Turtle Island Dreaming Read online

Page 3


  The bright light was the sun. It was directly overhead in a vivid blue sky. She was staring right into it and could not seem to look away. She closed her eyes. If sight was a sense that one still needed after death she did not want to jeopardize it. She had not spent much time imagining what death would be like, but she was sure that she did not like the idea of being both dead and blind.

  She concentrated on looking away. It took a great deal of effort, much more than it had taken to open her eyelids, but with time she found she could move her eyes and bring other things into her field of vision. To the right, there was more blue sky and the wisp of a cloud high up and bannerlike. Further to the right, and this took even more effort, the sky met a horizon—part water, part land. Sand. She was on a beach.

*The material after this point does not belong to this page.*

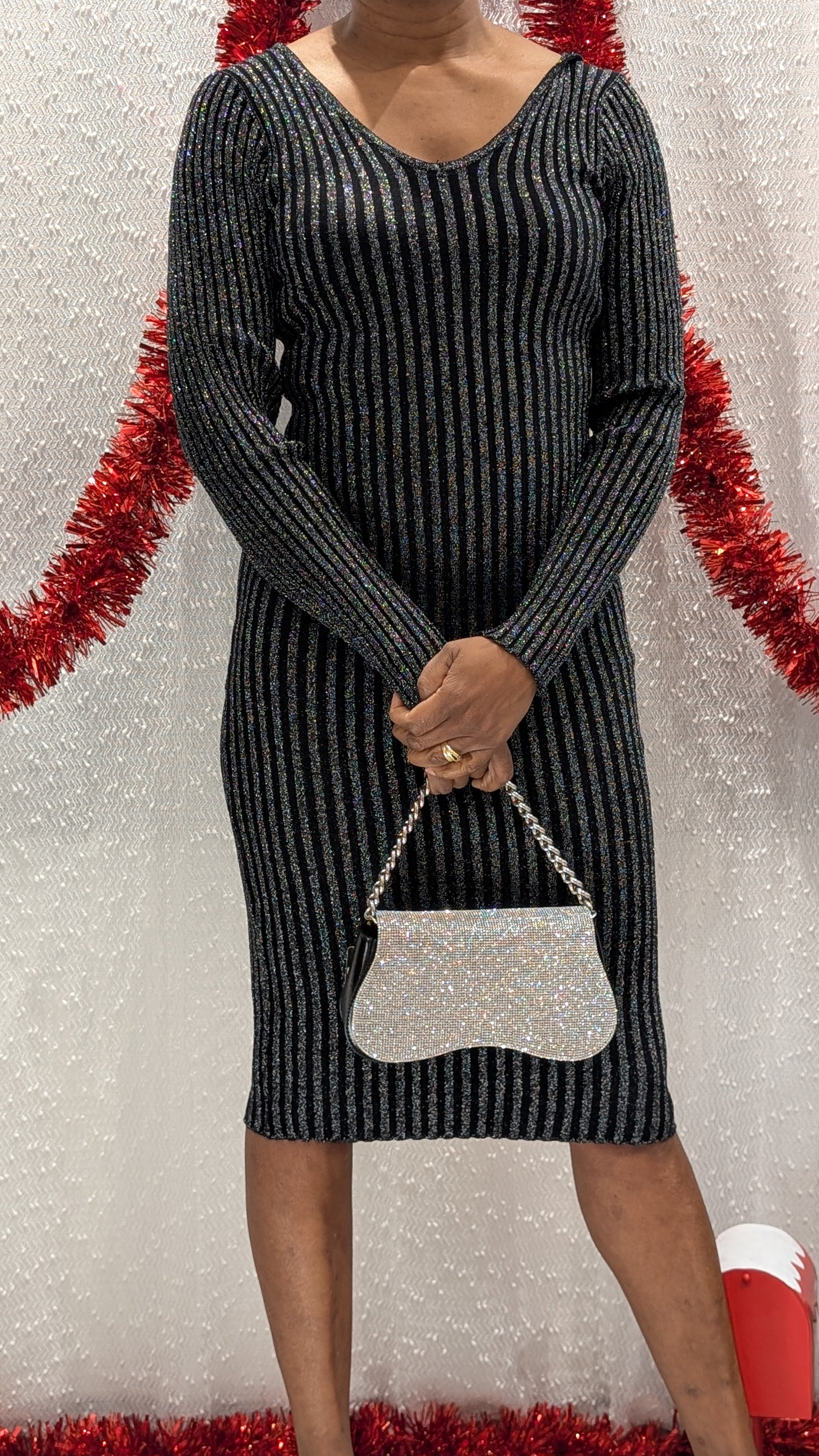 Robe midi noire à rayures pailletées verticales, sublimée par un tissu extensible qui épouse la silhouette sans la comprimer. Son décolleté en V apporte une touche féminine, tandis que les manches longues équilibrent l’allure. Une pièce chic et lumineuse, pensée pour briller lors des soirées, fêtes ou événements où l’on veut être élégante… sans en faire trop.

The distant pulsing rush she had heard were waves, though they still sounded oddly distant, as if her ears were plugged, or, more likely, filled with water.

  When she looked down all she could see was the familiar out-of-focus abstraction that was her nose. When she rolled her eyes back she saw more sky and a line of something darker, perhaps the tops of trees.

  She looked left and realized that her head must be inclined slightly in this direction because she could see the sand and the ocean and one of her arms stretched out away from her. The arm was an angry shade of red and blistered, but it did not hurt. She realized for the first time that she could not feel it at all. She tried moving it. She tried wriggling fingers, clenching a fist, but nothing moved. She tried to feel other parts of her body but they were equally lost to her. She could see that she was lying on sand, but she could not feel the sand. She felt some warmth from the sun on her face, but felt none in other parts of her body. She could control no muscles. She felt no pressure against her skin, neither the ever-present resistance to gravity nor the places where her body must be coming in contact with other matter. Even her somatic sense, the understanding of where her body was in space, was confused. She had no idea how her body was arranged on the sand.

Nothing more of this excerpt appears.